■ Available data

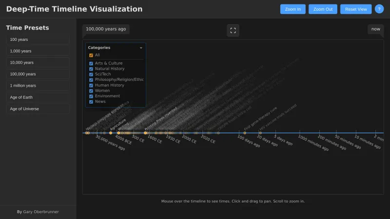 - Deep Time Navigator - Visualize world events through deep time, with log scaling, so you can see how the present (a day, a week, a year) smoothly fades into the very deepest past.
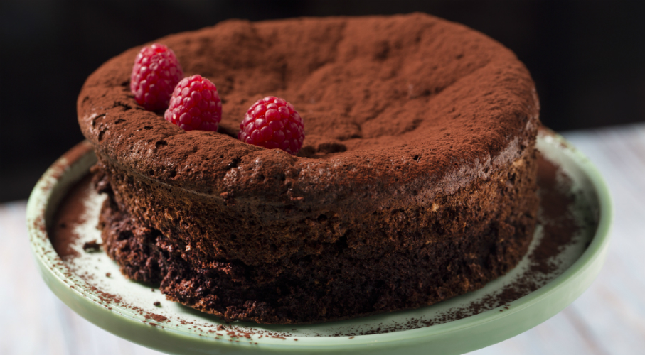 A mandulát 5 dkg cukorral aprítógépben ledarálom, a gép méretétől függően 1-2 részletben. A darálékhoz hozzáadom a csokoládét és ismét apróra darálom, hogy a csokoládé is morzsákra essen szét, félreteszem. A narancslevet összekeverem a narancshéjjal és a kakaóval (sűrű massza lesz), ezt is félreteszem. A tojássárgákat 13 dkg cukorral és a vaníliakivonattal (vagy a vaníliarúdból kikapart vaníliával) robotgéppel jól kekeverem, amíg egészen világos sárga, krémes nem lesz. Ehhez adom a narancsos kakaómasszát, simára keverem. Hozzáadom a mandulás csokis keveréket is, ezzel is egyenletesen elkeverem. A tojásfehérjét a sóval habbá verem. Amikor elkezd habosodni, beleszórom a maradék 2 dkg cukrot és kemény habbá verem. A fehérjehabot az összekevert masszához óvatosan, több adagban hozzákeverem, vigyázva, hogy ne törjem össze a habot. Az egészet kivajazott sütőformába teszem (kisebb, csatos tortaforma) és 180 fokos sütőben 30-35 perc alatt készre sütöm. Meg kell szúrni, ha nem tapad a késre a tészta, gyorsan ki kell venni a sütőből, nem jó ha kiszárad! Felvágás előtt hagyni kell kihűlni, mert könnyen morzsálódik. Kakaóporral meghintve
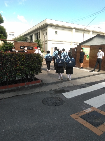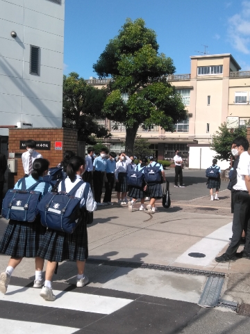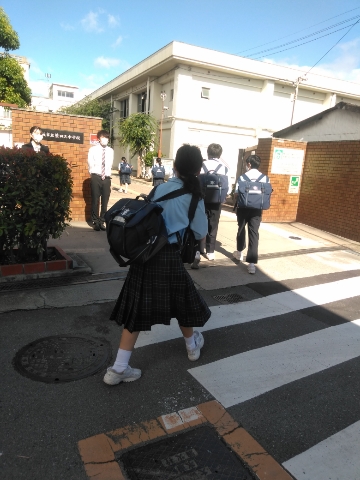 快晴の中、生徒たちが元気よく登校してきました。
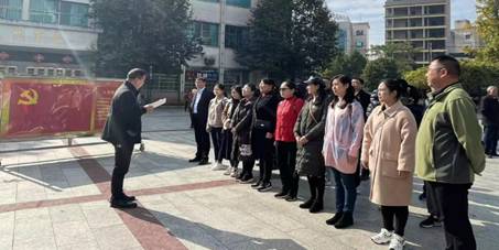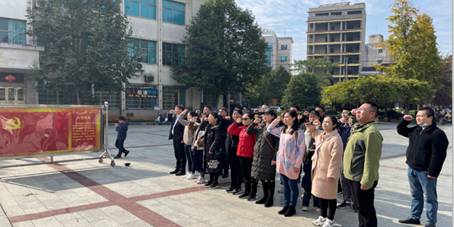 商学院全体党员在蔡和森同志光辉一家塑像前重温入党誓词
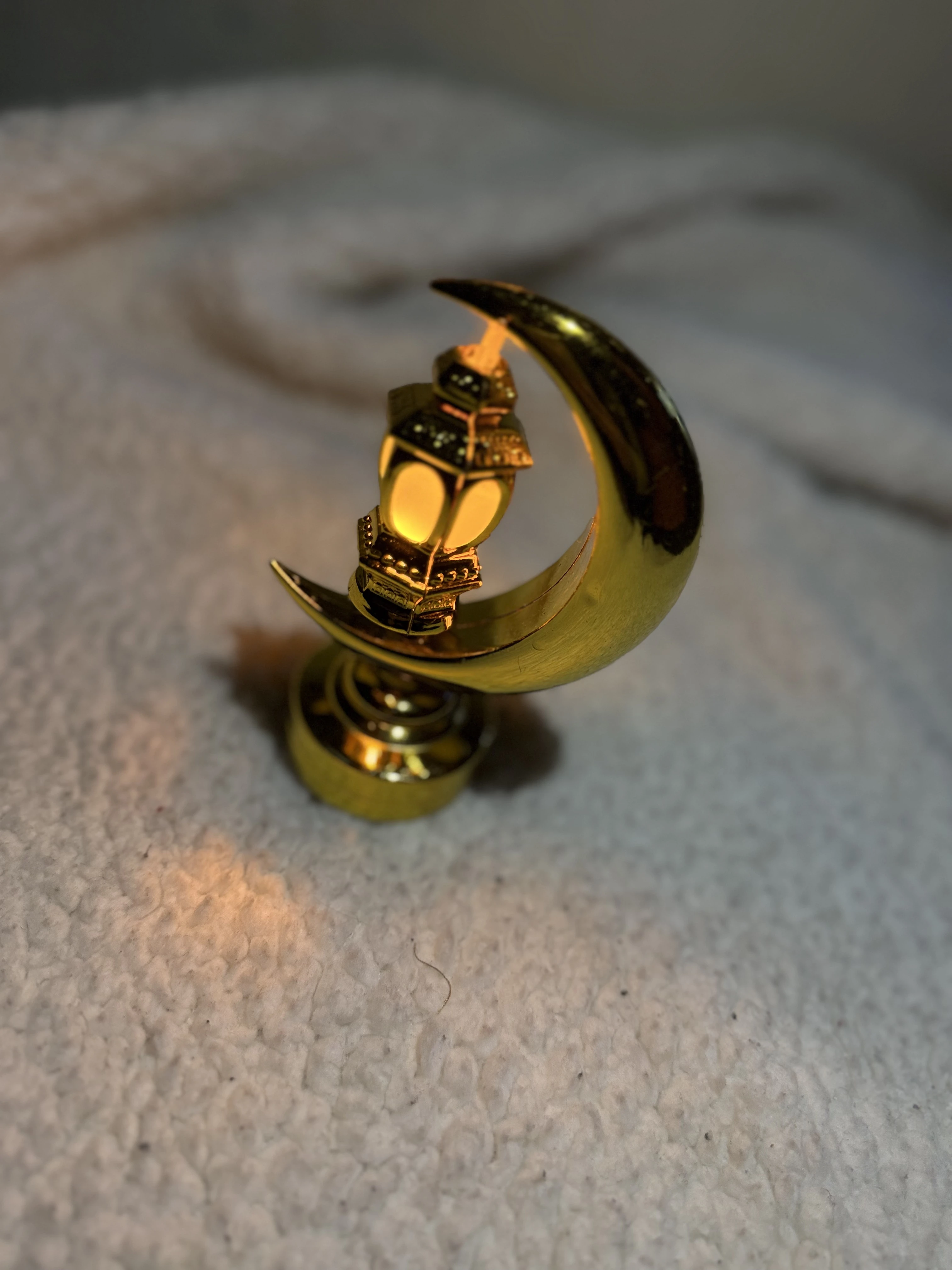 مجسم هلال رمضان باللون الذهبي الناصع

■ Problem details
Omit the images and transcribe all of the records above word for word.

■ Reply
 - Deep Time Navigator - Visualize world events through deep time, with log scaling, so you can see how the present (a day, a week, a year) smoothly fades into the very deepest past.
 A mandulát 5 dkg cukorral aprítógépben ledarálom, a gép méretétől függően 1-2 részletben. A darálékhoz hozzáadom a csokoládét és ismét apróra darálom, hogy a csokoládé is morzsákra essen szét, félreteszem. A narancslevet összekeverem a narancshéjjal és a kakaóval (sűrű massza lesz), ezt is félreteszem. A tojássárgákat 13 dkg cukorral és a vaníliakivonattal (vagy a vaníliarúdból kikapart vaníliával) robotgéppel jól kekeverem, amíg egészen világos sárga, krémes nem lesz. Ehhez adom a narancsos kakaómasszát, simára keverem. Hozzáadom a mandulás csokis keveréket is, ezzel is egyenletesen elkeverem. A tojásfehérjét a sóval habbá verem. Amikor elkezd habosodni, beleszórom a maradék 2 dkg cukrot és kemény habbá verem. A fehérjehabot az összekevert masszához óvatosan, több adagban hozzákeverem, vigyázva, hogy ne törjem össze a habot. Az egészet kivajazott sütőformába teszem (kisebb, csatos tortaforma) és 180 fokos sütőben 30-35 perc alatt készre sütöm. Meg kell szúrni, ha nem tapad a késre a tészta, gyorsan ki kell venni a sütőből, nem jó ha kiszárad! Felvágás előtt hagyni kell kihűlni, mert könnyen morzsálódik. Kakaóporral meghintve
 快晴の中、生徒たちが元気よく登校してきました。
 商学院全体党员在蔡和森同志光辉一家塑像前重温入党誓词
 مجسم هلال رمضان باللون الذهبي الناصع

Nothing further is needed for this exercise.